Linux booting at 30,000 feet...
My good friend Iranga, had taken this photo (on his way to SL from UK) of the Linux kernel booting on the on-flight personal entertainment system of a First Choice Airline.
So I guess, First Choice has chosen GNU/Linux as its first choice! Iranga told me that once the kernel booted it loaded a kiosk like interface.
But if the airline itself ran on the Linux kernel? or any other commmon OS? Reminds me of this joke...
http://www.webaugur.com/bibliotheca/field_stock/os-airlines.html
Comments
flakey hardware on Airbus?? Don’t even think about it!
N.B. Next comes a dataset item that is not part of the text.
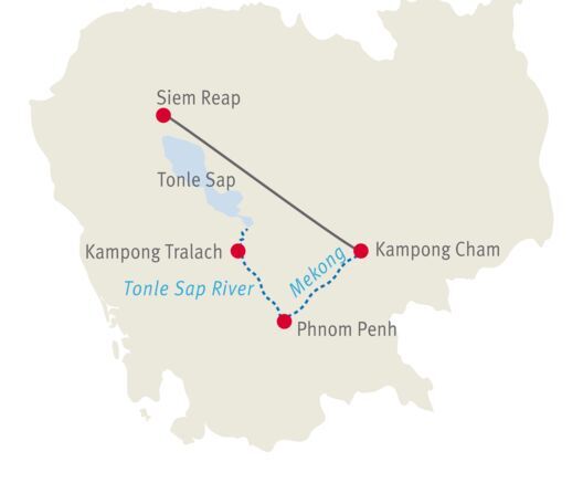 Vers la fin de la saison des pluies, de fin août à mi-novembre environ, le lac Tonle Sap atteint son niveau d'eau le plus élevé. Cela permet de naviguer sur toute sa longueur et votre croisière fluviale commence directement à Siem Reap, puis fait le chemin inverse jusqu'à Kampong Cham et se termine également à Phnom Penh.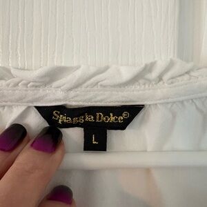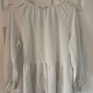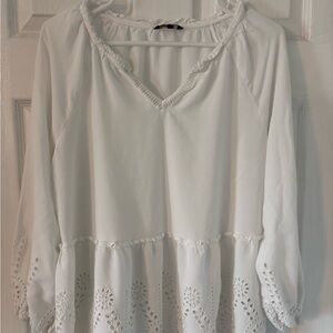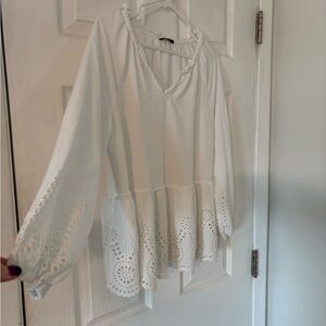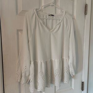White Eyelet Lace Peplum Blouse Boho Cottagecore Flowy Top Size L

It is Airbus!
You could well have flaky hardware even on the Airbus as this is just for the inflight entertainment system which isn't going to kill anyone.
Yet it is possible that the hardware is good and Linux still crashed given that most of these systems are fitted by the same manifacturer who might have a buggy version of a Linux distro. But that senario is somewhat unlikely. The more likely thing is a faulty hardware, and the hard disk seems much likely, specially when you consider the turbulence.
But this error message:
svc: bad direction
Isn't a kernel crash but a kernel error message which can be found in
/usr/src/linux/net/sunrpc/svc.c
Looks like they are running a thin client which connects to a powerful server and sometimes they might have some sort of network problem and their kiosk application crashes. So like you said, instead of restarting the application, or fixing the application they probably just reboot the system.